__What the task requires__. What I need is an exact repeat of the lines from the one with "Actividad realizada por" through the end of the listing below. Leave out every picture.

__Data for this exercise__.

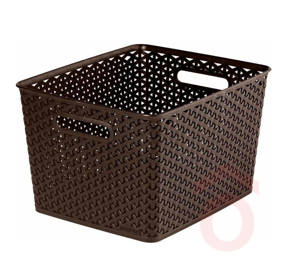Rattan hatású elegancia és praktikus tárolás egyben! A Curver My Style L-es méretű kosár barna színben nemcsak dekoratív, de sokoldalúan használható megoldás is a lakás bármely pontján. Ideális a fürdőszobába, nappaliba vagy hálószobába is. A perforált, rattan hatású kialakítás biztosítja a megfelelő szellőzést, míg kézreálló fogantyúi kényelmes használatot tesznek lehetővé.
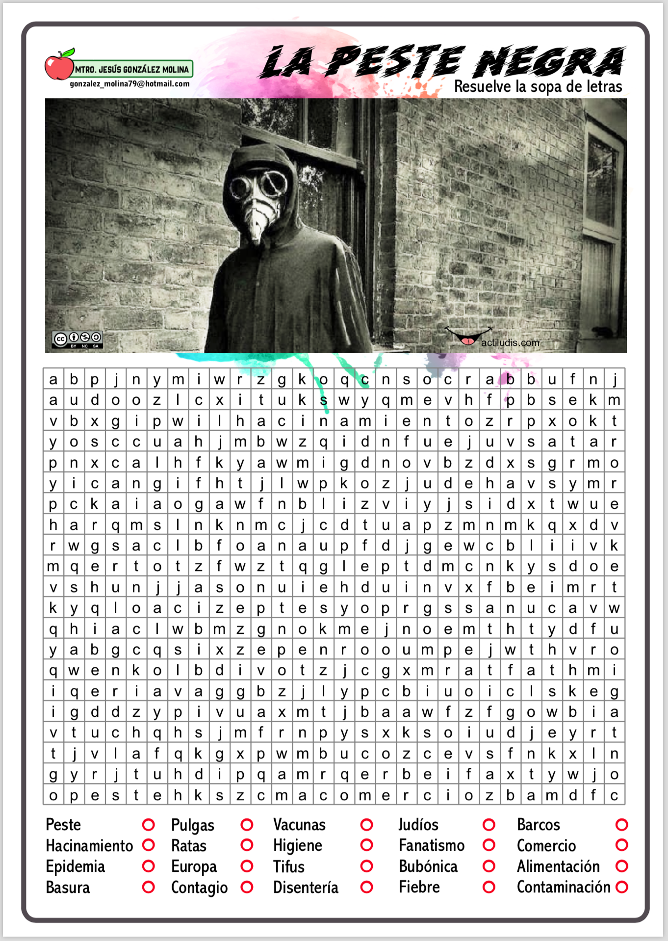 Actividad realizada por el profesor Jesús González Molina de la Escuela Primaria Vicente Guerrero y catedrático en el nivel de posgrados, desde Los Placeres del Oro, en el estado de Guerrero, México, con la que trabajar el campo semántico relacionado con la peste negra
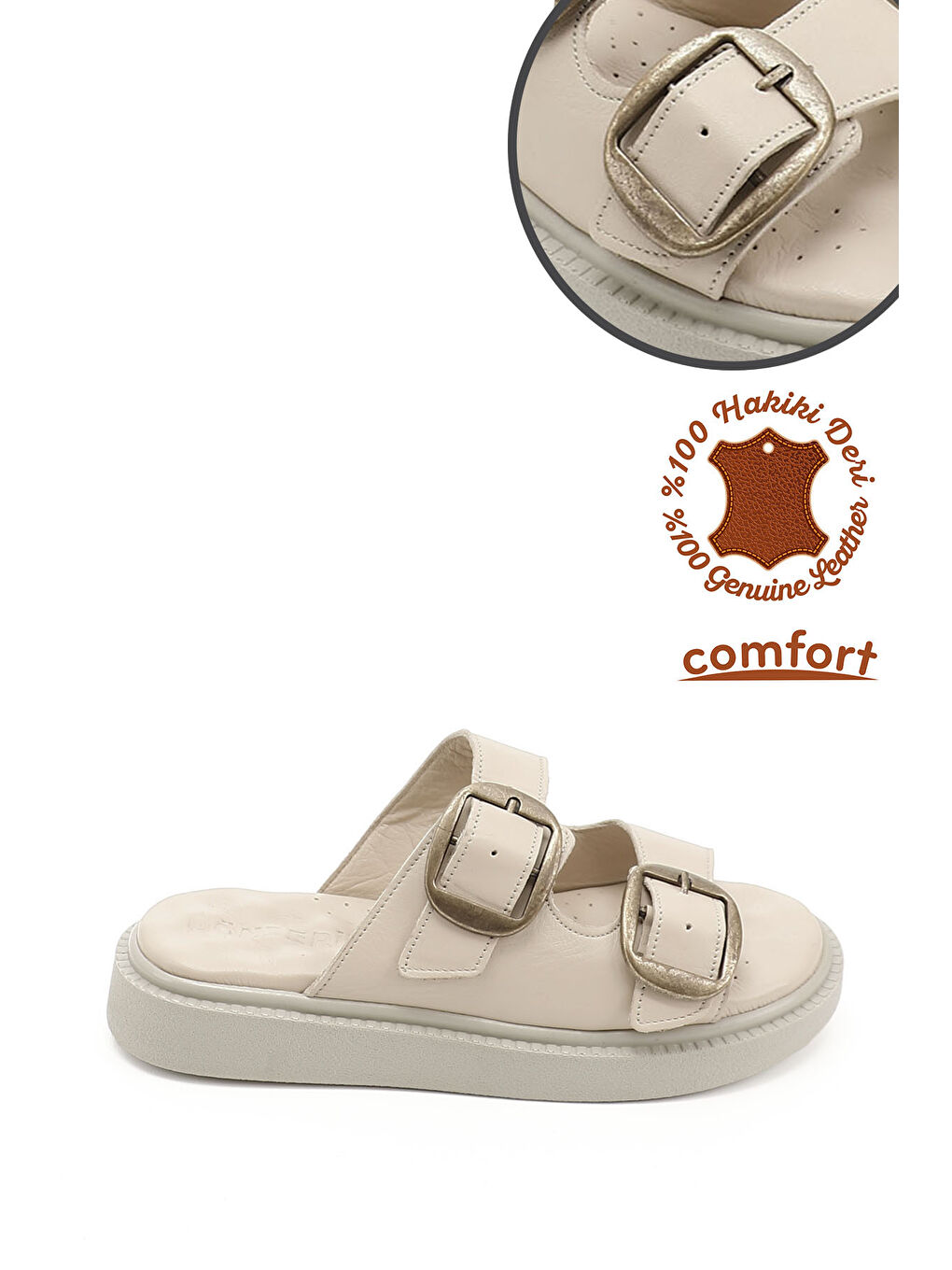 دمپایی راحتی زنانه چرم اصل سگک‌دار بژ-CAMEL
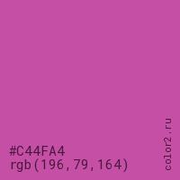 Цвет #C44FA4 в цветовой модели RGB обозначается тремя октетами (196, 79, 164) в десятичном формате и #C44FA4 в шестнадцатиричном (hex) формате, которые являются интенсивностью красного 196 (hex C4), интенсивность зелёного 79 (hex 4F) и интенсивность синего 164 (hex A4).
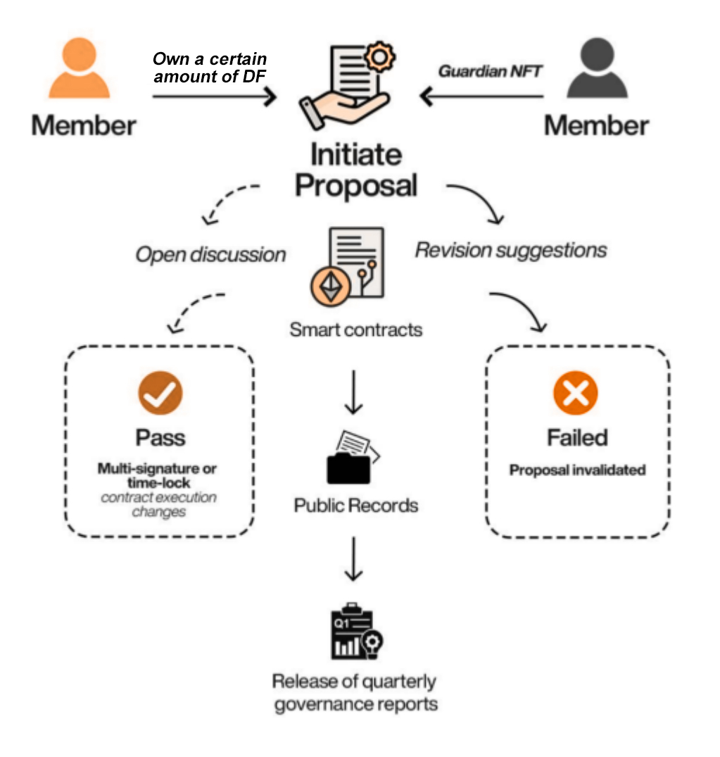 vote(uint256 proposalId, bool agree);Voting weight sources: mapped from node identities or long-term DF token holders;

__Answer for the task__.
 Actividad realizada por el profesor Jesús González Molina de la Escuela Primaria Vicente Guerrero y catedrático en el nivel de posgrados, desde Los Placeres del Oro, en el estado de Guerrero, México, con la que trabajar el campo semántico relacionado con la peste negra
 دمپایی راحتی زنانه چرم اصل سگک‌دار بژ-CAMEL
 Цвет #C44FA4 в цветовой модели RGB обозначается тремя октетами (196, 79, 164) в десятичном формате и #C44FA4 в шестнадцатиричном (hex) формате, которые являются интенсивностью красного 196 (hex C4), интенсивность зелёного 79 (hex 4F) и интенсивность синего 164 (hex A4).
 vote(uint256 proposalId, bool agree);Voting weight sources: mapped from node identities or long-term DF token holders;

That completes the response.